### WORK REQUIRED
Pictures stay out. Extract the lines below from the first one through the line with "i forbindelse med", both included.

### PROVIDED DATA

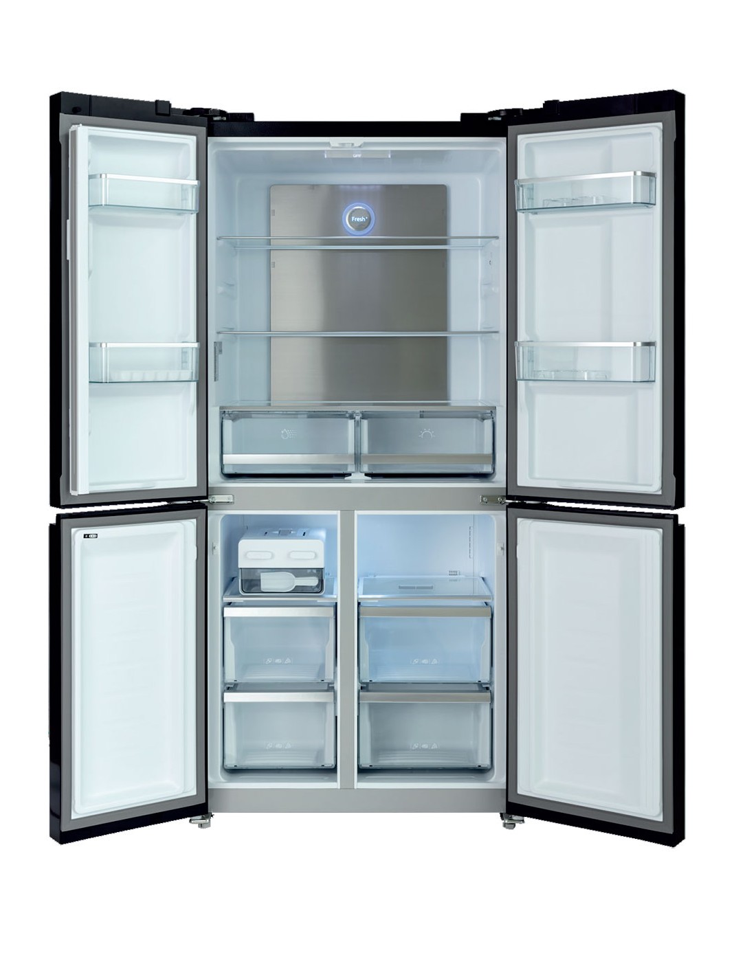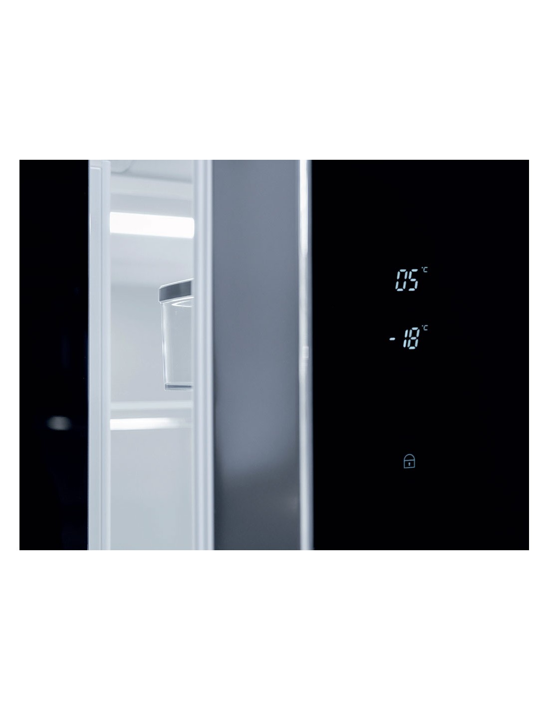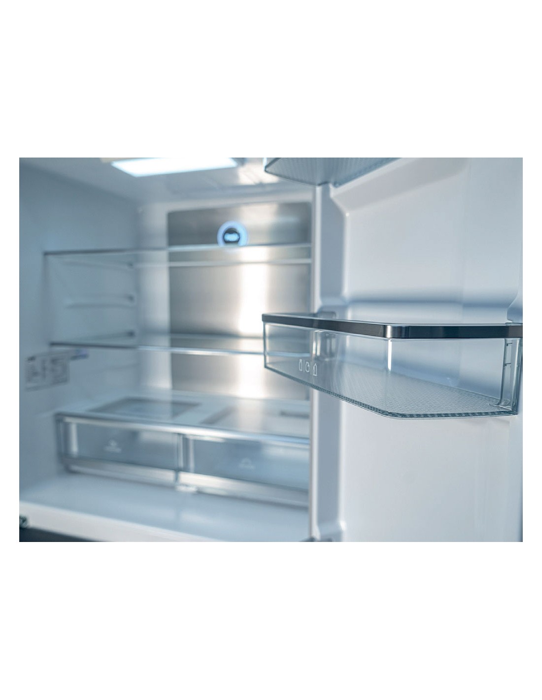 Un prodotto capiente, con un cassetto per conservare frutta e verdura dotato di un sistema di controllo dell’umidità che contribuisce a preservare la qualità e la freschezza più a lungo. I balconcini ampi, con profili in alluminio e trama sul fondo, rendono il frigorifero sofisticato ed elegante.
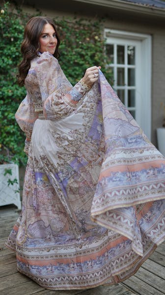 The High Tide Maxi Skirt in Odyssey Print from our Resort 2023 Collection, High Tide. A silk linen maxi skirt featuring a high waist with nautical inspired buttons down the centre front, finished with hemp and beaded trims, side seam pockets and a removable belt.
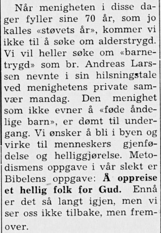 – i forbindelse med Egersund Metodistkirkes 70-års jubileum i november 1959; som vi ser, er artikkelen fra fredag 13. november, og jubileumsfesten ble avholdt den påfølgende søndag 15. november kl. 19.30, med gudstjeneste på formiddagen kl. 10.30. Vi merker oss at da var det også speider-parade og dåp av vår søster Inger. Denne søndagen var både vår morfar Andreas Daastøl og biskopen for Norden, Odd Hagen, til stede. Vi vet ikke hvem som foretok dåpen, men antakelsen er sterk at det var vår morfar, siden han allerede hadde foretatt dåpen av de to datter-sønnene Øyvind og Arvid på Rjukan i 1954 og i 1956. Det kan du se bekreftet på siden om Rjukan-årene. Men se møte-annonsen for søndagen helt nederst på siden her :
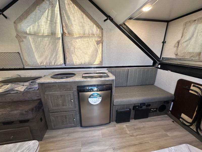 The Forest River Flagstaff Hard Side High Wall A-frame is special because it allows you to adventure into the unknown with the advantages of a tent camper protected by the solid exterior found on a travel trailer. Some of the helpful features that make camping easy are the 10K BTU Cool Cat heat pump (A/C and heater) which will allow you to keep the interior at the right temperature, the water filtration system which will keep your water supply fresh, the power roof lift which will set up without much effort, and the ProRac permanent crossbars which can hold up to 150 pounds. Each model is also prepped for a Wi-Fi booster with LTE to add some modern convenience.

### ANSWER AREA
 Un prodotto capiente, con un cassetto per conservare frutta e verdura dotato di un sistema di controllo dell’umidità che contribuisce a preservare la qualità e la freschezza più a lungo. I balconcini ampi, con profili in alluminio e trama sul fondo, rendono il frigorifero sofisticato ed elegante.
 The High Tide Maxi Skirt in Odyssey Print from our Resort 2023 Collection, High Tide. A silk linen maxi skirt featuring a high waist with nautical inspired buttons down the centre front, finished with hemp and beaded trims, side seam pockets and a removable belt.
 – i forbindelse med Egersund Metodistkirkes 70-års jubileum i november 1959; som vi ser, er artikkelen fra fredag 13. november, og jubileumsfesten ble avholdt den påfølgende søndag 15. november kl. 19.30, med gudstjeneste på formiddagen kl. 10.30. Vi merker oss at da var det også speider-parade og dåp av vår søster Inger. Denne søndagen var både vår morfar Andreas Daastøl og biskopen for Norden, Odd Hagen, til stede. Vi vet ikke hvem som foretok dåpen, men antakelsen er sterk at det var vår morfar, siden han allerede hadde foretatt dåpen av de to datter-sønnene Øyvind og Arvid på Rjukan i 1954 og i 1956. Det kan du se bekreftet på siden om Rjukan-årene. Men se møte-annonsen for søndagen helt nederst på siden her :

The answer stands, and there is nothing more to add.